Милостивый государь Бруно Германович! Из газет я узнал, что Ваш отец после 22-летнего заключения освобожден из Шлиссельбургской крепости. Вы, как сын, вероятно, имеете постоянное сообщение с ним. Будьте великодушны, окажите мне следующее одолжение. Передайте вашему отцу, что Федор Греков, бывший секретарь редакции «Новости», всей душой приветствует его освобождение и просит великодушного прощения за невольное содействие его аресту в 1884 году. Пусть он знает, что провокатором и предателем всех нас был Лев Тихомиров, сотрудничающий ныне в «Московских ведомостях». К сожалению, я не могу изложить в письме подробности этого ужасного дела, но питаю надежду, что это когда-нибудь мне удастся. Хорошо бы до поры до времени сохранить содержание моего письма между нами, т. е. Вами, Вашим отцом и мною.
– «Провокатором и предателем всех нас был Лев Тихомиров», – повторил Лопатин. И как сплюнул: – Сопляк.
Бруно не понял, кто, собственно, «сопляк»: безвестный Греков или известный Тихомиров?
– Греков, кто ж еще, – сердито отмахнулся Герман Александрович. Он курил задумчиво и хмуро.
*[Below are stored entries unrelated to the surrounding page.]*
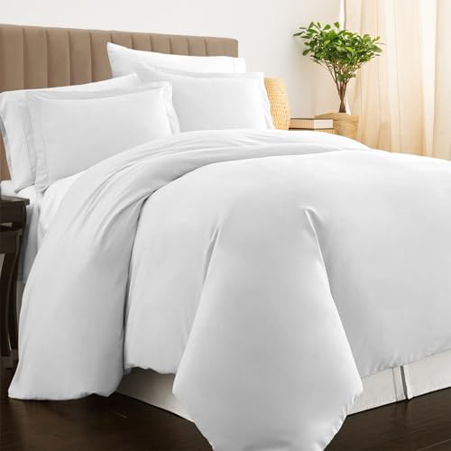 Soifox Super King Duvet Cover White, Microfiber Solid Superking Bedding Duvet Cover Set with 2 Matching Pillowcases, Ultra Soft Non Iron Breathable (Super King (220 x 260 cm))
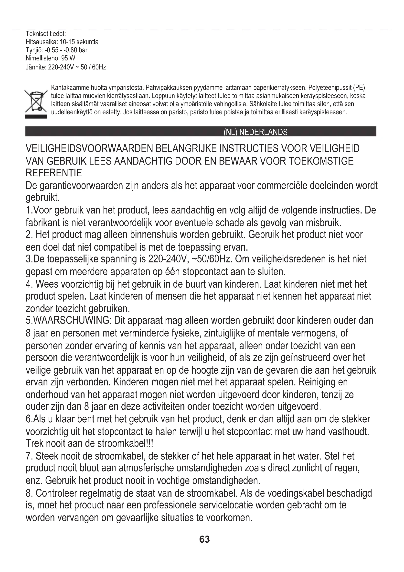 product spelen. Laat kinderen of mensen die het apparaat niet kennen het apparaat niet zonder toezicht gebruiken. De garantievoorwaarden zijn anders als het apparaat voor commerciële doeleinden wordt gebruikt. 5.WAARSCHUWING: Dit apparaat mag alleen worden gebruikt door kinderen ouder dan 8 jaar en personen met verminderde fysieke, zintuiglijke of mentale vermogens, of personen zonder ervaring of kennis van het apparaat, alleen onder toezicht van een persoon die verantwoordelijk is voor hun veiligheid, of als ze zijn geïnstrueerd over het veilige gebruik van het apparaat en op de hoogte zijn van de gevaren die aan het gebruik ervan zijn verbonden. Kinderen mogen niet met het apparaat spelen. Reiniging en onderhoud van het apparaat mogen niet worden uitgevoerd door kinderen, tenzij ze ouder zijn dan 8 jaar en deze activiteiten onder toezicht worden uitgevoerd.
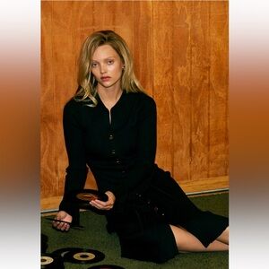 RIVIR Black Button-Down Midi Dress Ribbed Flute Sleeve S M L holiday
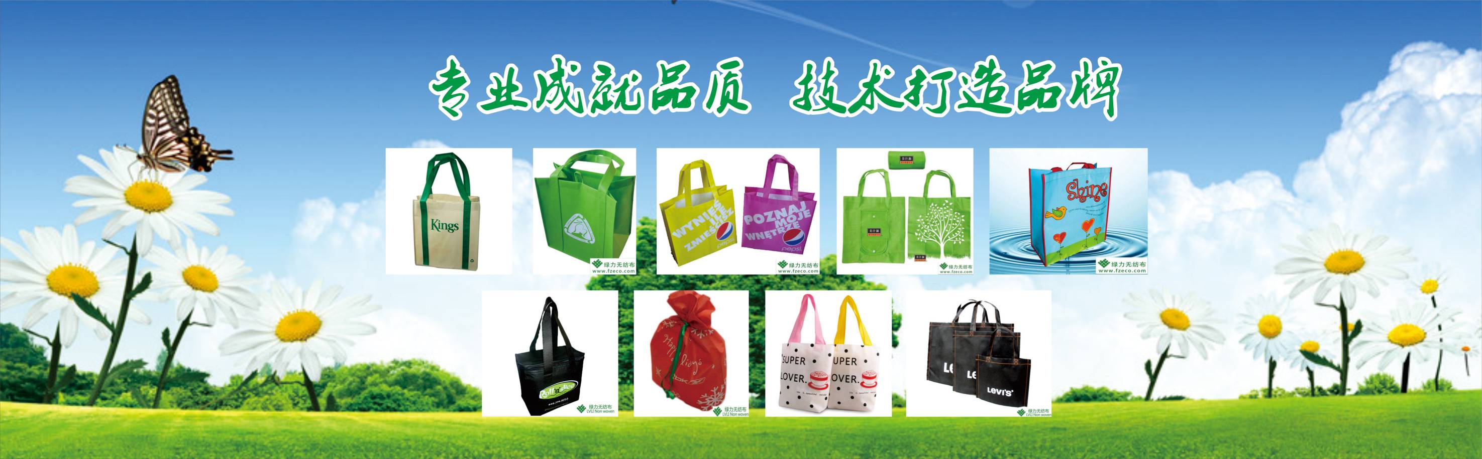 公司生產的主要產品是環(huán)保包袋,有無紡布袋、帆布袋、麻布袋三大類,具體有無紡布袋、復膜無紡布袋、商場超市購物袋、無紡布環(huán)保袋、美植袋、植樹袋、育苗袋、水果套袋、無紡布廣告袋、資料袋、宣傳袋、禮品袋、尼龍袋、牛津布袋、帆布袋棉布袋、絨布袋、草莓袋、文件袋、各式包裝袋、防潮袋、索繩袋、背包袋、廣告圍裙、西服袋、婚紗袋等布料制品。
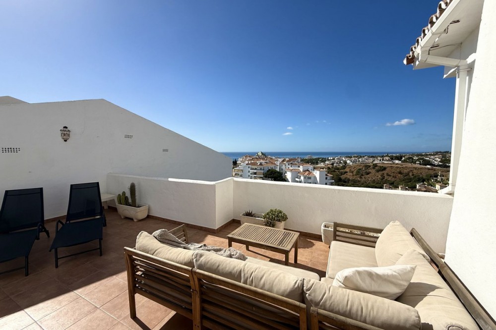 - Penthouse with Stunning Sea Views in Riviera del Sol! Welcome to this wonderful penthouse in the heart of Riviera del Sol, offering magical views of the Mediterranean Sea – enjoy the sunshine from morning until evening! The apartment features a bright and modern open-plan layout connecting the newly renovated kitchen with the living room – perfect for social gatherings and relaxation. It consists of three spacious bedrooms and two fresh bathrooms, making it ideal both as a permanent home and as a holiday getaway. There is also central air conditioning (hot/cold) for maximum comfort all year round. The community offers a lovely swimming pool and well-maintained communal areas – everything you need to enjoy life on Costa del Sol. In addition, the property comes with a tourist license, making it a perfect investment opportunity for rentals. The current owner has used the apartment exclusively as a rental investment, which makes it easy to take over an already successful business.
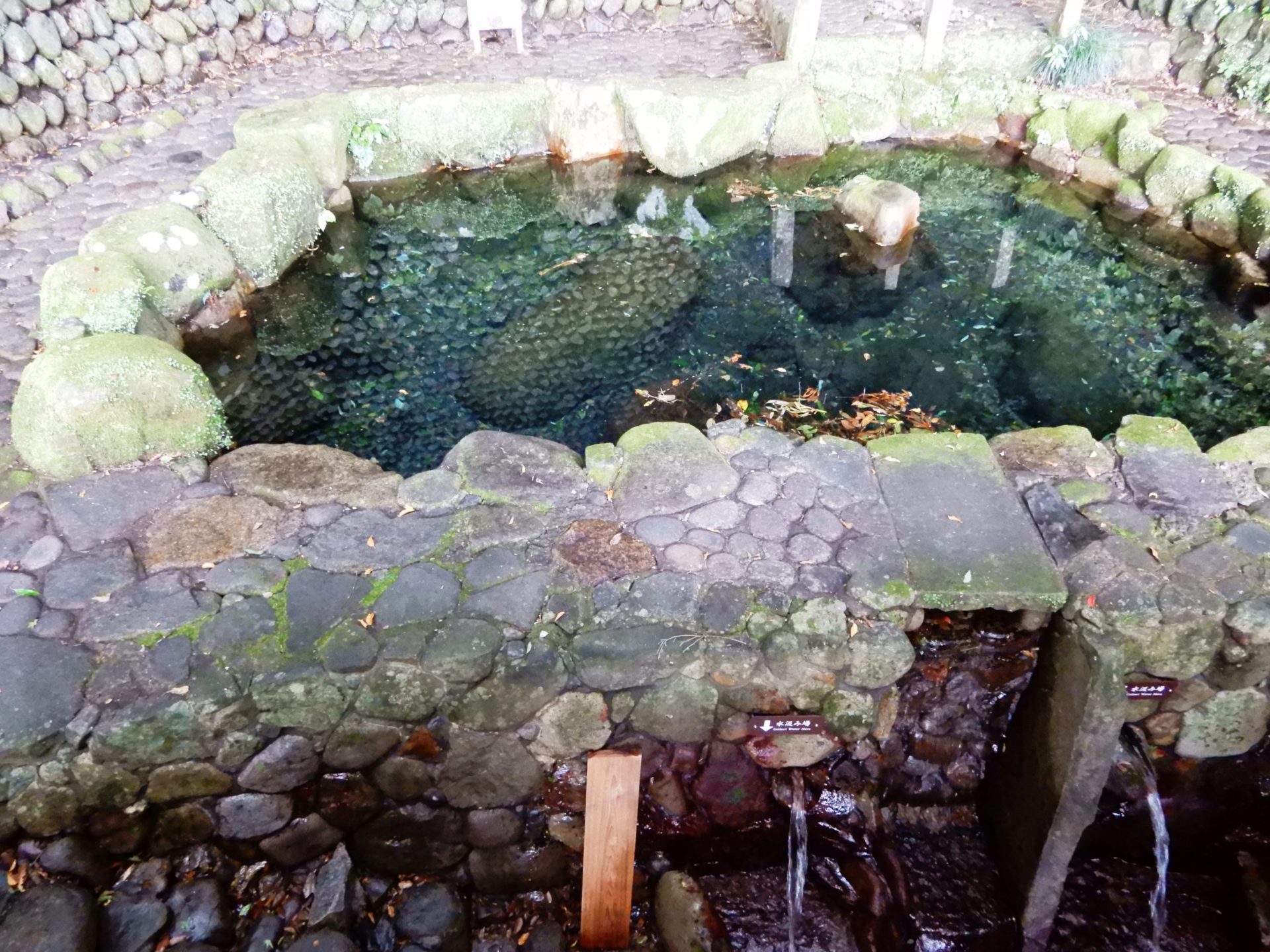 La source Nonaka-no-Shimizu qui se trouve en bas du sanctuaire Tsugizakura-oji. C’est l’une des 100 meilleures sources d’eau naturelle du Japon. Depuis les temps anciens, elle sert de station d’eau pour les pèlerins.
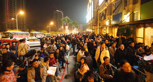 自11月以來,重慶樓市陷入冷淡,直至奧園康城2期堅果社區(qū)的火爆熱銷才始破僵局。原本準備于12月13日開盤的全新奧園康城2期堅果社區(qū),自從12月9日“37平方米-104平方米歲末大回饋,3350-3950元/平方米,不同樓層分段一口價,先到先得”的廣告信息一“出街”,立即引起了業(yè)界、媒體、消費者的強烈反響與驚呼,紛紛奔走相告。9日、10日、11日三天整個奧園康城銷售中心內(nèi)被看房者圍得水泄不通。客戶累積達1000多組,由于是“先到先得”選房,很多客戶由于怕選不到房提前兩天就已經(jīng)開始排隊了,11日下午5點多便有客戶開始排隊,晚上8點自發(fā)排隊客戶人數(shù)急增至500組,12點即達到1000多組,并還在不斷遞增之中,由于排隊客戶過多,堅果社區(qū)提前至12日盛大開盤。
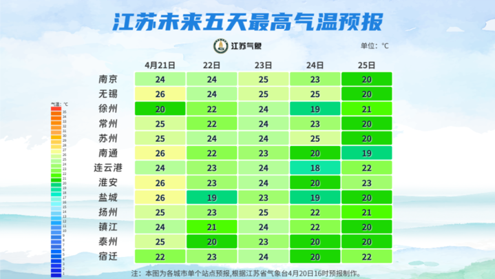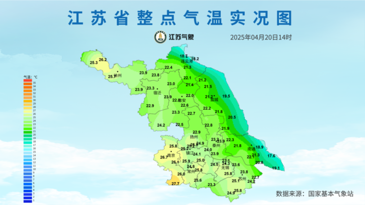 全省多云到晴。最高温度:本省东北部地区26~27℃,其他地区24~25℃;最低温度:本省东北部地区9℃左右,苏南地区14~15℃,其他地区11~12℃。全省偏北风3-4级。

Бруно медлил расспросить о Тихомирове. Потом сказал насмешливо:
– А мы этого ренегата студентами усердно читывали.
Герман Александрович все с тем же хмурым, задумчивым видом взглянул на сына. Бруно пояснил иронически:
– Из подлых книжонок выуживали цитаты. Он заграничное обильно цитировал, мы и выуживали. Так-то ведь где ж достанешь? И представь – курьез: по сей причине Тихомирова, большего монархиста, чем сам монарх, книжечки-то Тихомирова стали у нашего брата изымать при обысках.
– Вот как… – рассеянно отозвался Герман Александрович. – Нет, Бруно, этот не сопляк, этот… – Лопатин перебирал угол скатерти длинными сильными пальцами. – Нам в Шлюшине попечительное начальство подсунуло его брошюрку «Почему я перестал быть революционером». Мол, пораскиньте мозгами: умные-то люди отрекаются, а вы, дураки, гниете в казематах. И у нас тотчас две партии – одни стучат в стену: Тихомиров спятил; другие: следовало ожидать его предательства. Всегда, дескать, был трусом, шпиономания одолела; ужасно бедствовал, маленький ребенок болел, едва не умер… Я стоял на том, что ожидать следовало. Но у меня другое. Я знавал его довольно близко. Он отнюдь не глуп. Отнюдь! После того как опочил мой личный друг император Александр Второй, это ж он, Тихомиров, обратился от имени Исполнительного комитета «Народной воли» к наследнику престола. И, знаешь ли, старики, Маркс и Энгельс, нашли в этом обращении не только здравый ум, но ум политический, государственный. Вот так. Внешне-то, это верно, выглядит он мокрой курицей. И в душе у него, видать, слякоть. Но главное вот: гибель партии была для него и гибелью идеала, он изверился в социалистическом идеале. – Лопатин усмехнулся. – А я все ж не думал, что махнет-то он совсем уж на другой полюс. Ты не читал этого номера «Былого»? Тут одна из народниц, прочти, она даже жалеет Тихомирова: нету, говорит, участи горше тихомировской. Я не жалею. Однако вот она в чем права: Тихомиров никого не предал. В полицейском смысле – ни единого. А мог бы, очень даже мог бы: все конспирации знал, всех и каждого знал – ведь он уцелел изо всего Исполнительного комитета «Народной воли». Он та-акое бы мог господам жандармам порассказать, что многие из сибирской ссылки угодили бы в Шлюшин, а то и на эшафот. Нет, ни единого. Ренегат искренний, идейный – вот где собака-то зарыта. Силен в нем был русский шовинизм, а русский шовинист в конце концов непременно грохнется на колени перед русским самодержавием. И меня ничуть не удивляют его статейки в «Московских ведомостях». Если и удивляют, то нищетой консерватизма, нищетой мысли. Ну и довольно об этом, надоело.